Son yıllarda çok tartışılan konulardan biri “özel tiyatrolara devlet desteği”... 1982 yılından bu yana, her yıl Kültür ve Turizm Bakanlığı tarafından “özel tiyatrolara” yapılan yardımları belirleyen kriterler, son yıllarda daha çok ve farklı veçheleriyle sorgulanıyor.
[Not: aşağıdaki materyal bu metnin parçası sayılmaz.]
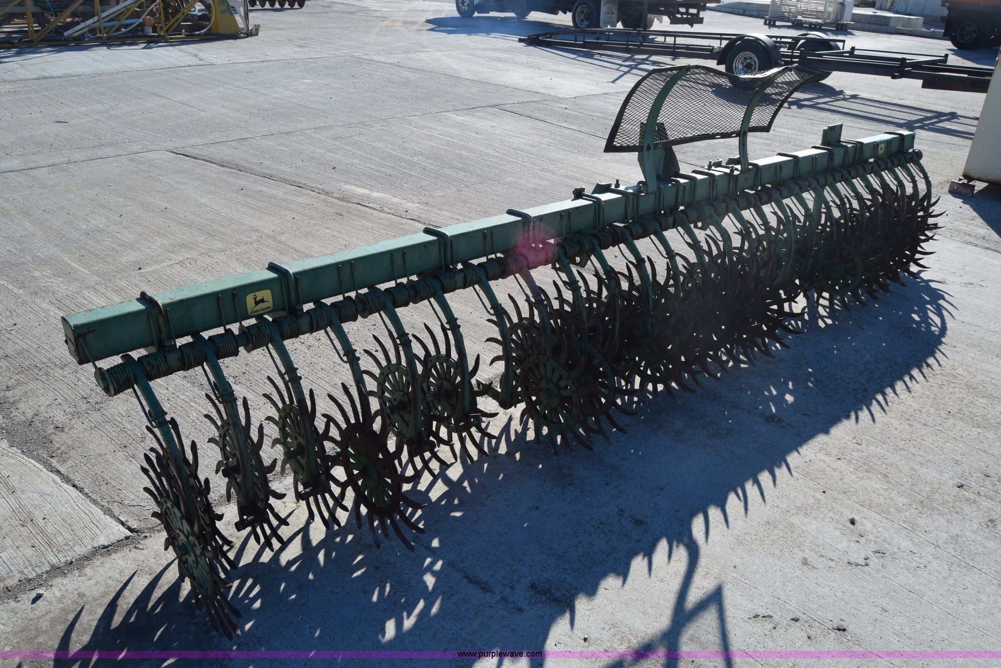 Purple Wave is selling a used Rotary Tillage in Missouri. This item is a John Deere 400 rotary hoe with the following: 15'W, Trash guard, Three point
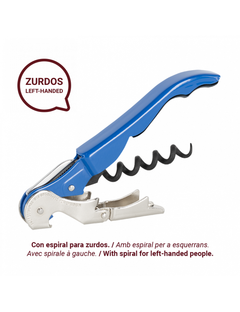 LLEVATAPS DE DOS TEMPS PER A ESQUERRANS: El llevataps de cambrer per a ús professional Classic 500 de Pulltap's, un llevataps amb doble palanca articulada i fulla articulada retràctil, ara amb una espiral especialment dissenyada per a esquerrans.
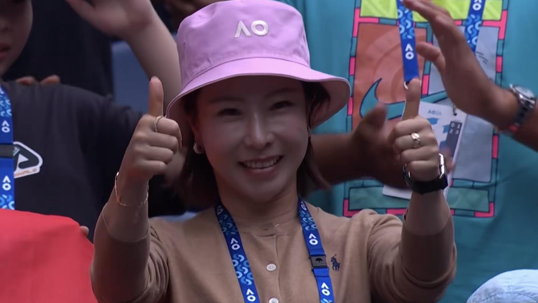张帅夺冠后,观众席上的郑洁

Önceleri daha çok ekonomik, estetik ve etik boyutlarıyla gündeme gelen bu tartışma, son yıllarda ideolojik/politik boyutlarının belirleyici olduğu bir tartışma zemininde ilerliyor.
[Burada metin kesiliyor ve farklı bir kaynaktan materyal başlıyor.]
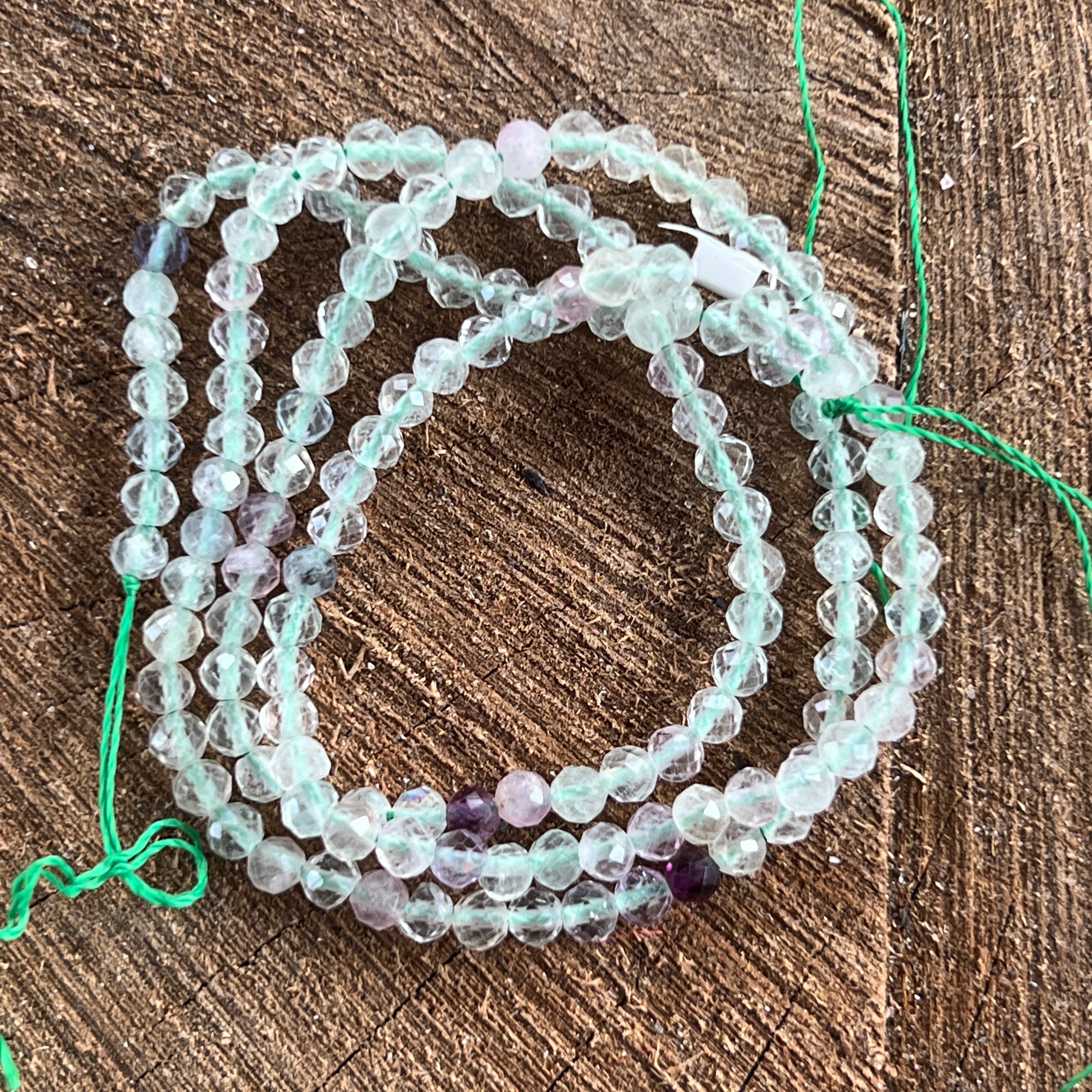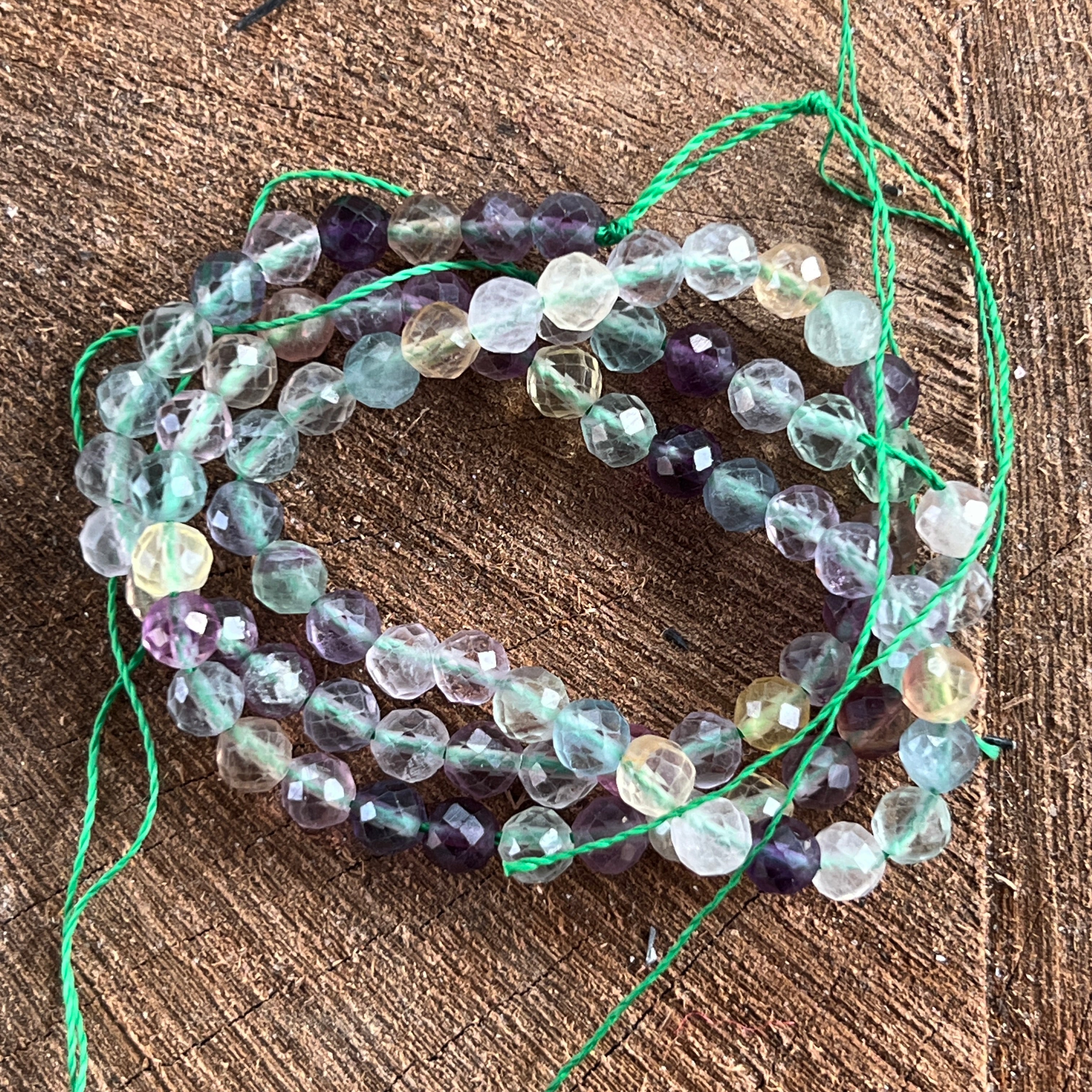 FLUORIT füzér, amely természetes FAZETTÁLT gömbölyű gyöngyökből áll, tökéletes nyakláncokhoz, karkötőkhöz vagy más kézműves ékszerekhez.

Bu yıl, Kültür Ve Turizm Bakanlığı 6 milyon 102 bin TL’lik “rekor bir bütçeyi” özel tiyatrolara aktardığını açıkladı. Ancak, kırılan bu rekor da tartışmaları dindirmeye yetmedi! Biz de konunun muhataplarına, özel tiyatroların temsilcilerine bir kaç soru yönelterek görüşlerini almak ve tartışmaya katkı sunmak istedik.
***
Bugün, Merve Engin‘in sorularımıza verdiği yanıtları paylaşıyoruz okurlarımızla:
Kültür ve Turizm Bakanlığı’na ‘devlet desteği’ için başvuru yaptınız mı? Başvurunuz nasıl sonuçlandı?
Merve Engin: Oynadığım oyunlar için başvurum olmadı ama başvuru yapan tiyatrolarda çalışmışlığım var, 12 sene evvel.
Son yıllarda yaşanan politik, toplumsal ve kültürel yarılmanın tiyatro alanına da sıçradığını ve devlet yardımlarının da bu yarılma ekseninde şekillendiği yönünde ciddi bir tartışma yaşanıyor. bu konuda ne düşünüyorsunuz?
Merve Engin: Bu hala tartışma konusu mu? Ortada olanın tartışmaya vesile olması da bizim memlekete has! Mesela o çalıştığım tiyatro bugün yardım alamıyor, neden? Devlet desteği alan tiyatroların metinleri ile alamayan tiyatroların metinleri arasında mesafeler var. Tiyatronun söz söyleme esası kaybolmuş gibi devlet nezdinde. Her şeye bir sansür var; muhalif gruplar takla atarken kuş tutsalar, kuşun türünden şikayetçiler.
Genel olarak tiyatrolara devlet desteği ile ilgili görüşlerinizi kısaca ifade edebilir misiniz?
Merve Engin: Devlet sanatı desteklemek zorundadır. İçeriğine bakmadan. Özgür bir ülkenin özgür bireyleri, hatta biraz ileri gidelim, sanatçıları olarak, baktığımız yerden sözümüzü söylemek zorundayız. Yani, sadece muhalif tiyatrodan bahsetmiyorum, tarihe not düşmekten bahsediyorum. Kabaca “yandaş” diye anılan tiyatroların varlığını da bu noktada önemli buluyorum. Dönüp çıkan eserlere baktığımızda artılarını eksilerini o zaman göreceğiz geçirdiğimiz dönemlerin. Ekonomik şartların böylesi dengesiz olduğu bir ülkede, sahneler ancak devlet desteği ile ayakta kalabilirler. Bu desteği, maddi yardım olarak düşünmeyin sadece, pırlantadan alınmayan verginin tiyatrolardan da alınmaması mesela… Ya da devletin sahnelerinin, herkese açık olması. Bunun sınav tadında başvuruya tabii olması dahi, anlamsız geliyor, zaten devlet bunun için devlet değil mi?!